The fall of Khirbet Ghazaleh, situated in the Hauran Plain on the highway to Jordan, came after a Jordanian-backed Syrian opposition military council failed to supply weapons to the town’s defenders.

This raised resentment among opposition fighters over what they saw as a lack of Jordanian support for their efforts to defeat Assad’s forces in the region, according to rebel commanders and activists in the area.

The Hauran Plain, which extends to the Israeli occupied Golan Heights, is the birthplace of the revolt against four decades of family rule by Assad and his late father, which erupted in the city of Deraa in March 2011.

Rebel fighters, operating under the umbrella of the Free Syrian Army, cut off the highway to Jordan two months ago. But keeping the road off-limits to Assad’s forces depended on retaining Khirbet Ghazaleh, which is at a crossroads leading west to the contested city of Deraa, the sources said.

Before the uprising in Syria, billions of dollars in goods traded between Gulf countries, Turkey and Europe were transported along the highway, which passes Khirbet Ghazaleh before ending at the Nassib border crossing to Jordan.

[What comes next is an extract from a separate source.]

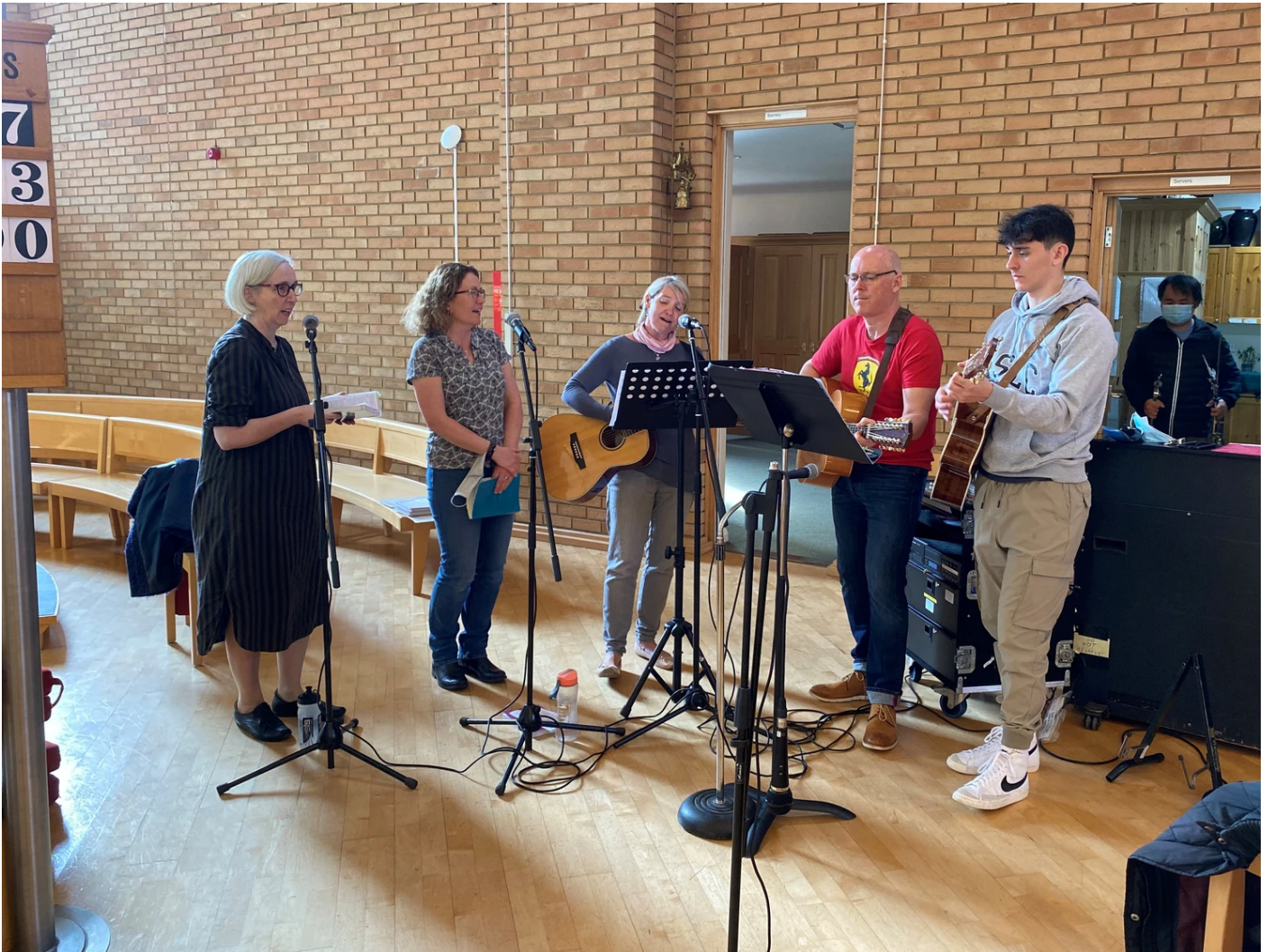
Picture: The St Joseph's Catholic Church, Epsom Folk Choir in full voice

About 1,000 rebel fighters withdrew from Khirbet Ghazaleh on Wednesday after losing hope that reinforcements would come from Jordan, which has been cautious about provoking a military response from Assad, activists and opposition fighters said.

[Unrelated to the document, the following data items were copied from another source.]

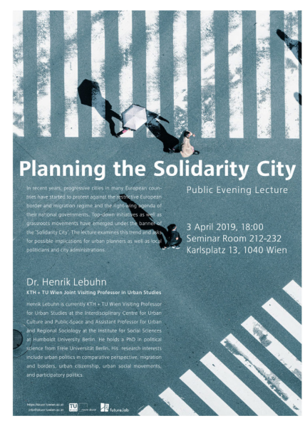
Fig. 13: Poster Public Evening Lecture 2019

For more information visit: https://skuor.tuwien.ac.at/en/veranstaltungen/vortraege.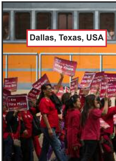
Dallas, Texas, USA

THE INTERNATIONAL COMMUNIST WORKERS' PARTY * WWW.ICWPREDFLAG.ORG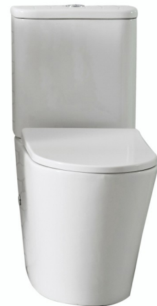
Back to wall toilet suite

Disclaimer: The Bathla Group reserves the right to amend prices and specifications without prior notice or obligation. The inclusions are current at time of printing but subject to change depending on availability.

“Assad’s forces started advancing from the north and west and I can still go back to Khirbet Ghazaleh but I cannot do anything,” Abu Yacoub, commander of the Martyrs of Khirbet Ghazaleh brigade, told Reuters by telephone from Hauran.

“I can get a thousand fighters back but it is useless because I don’t have ammunition in my hands.”

Abu Yacoub said he had contacted Ahmad Nemaah, head of the Jordanian backed military council, before ordering the rebel fighters to withdraw, but Nemaah told him he could not do anything.

“If we lost a battle it does not mean we lost for good. But everyone has turned against Nemaah,” Abu Yacoub said. Nemaah could not be reached for comment. (Reuters)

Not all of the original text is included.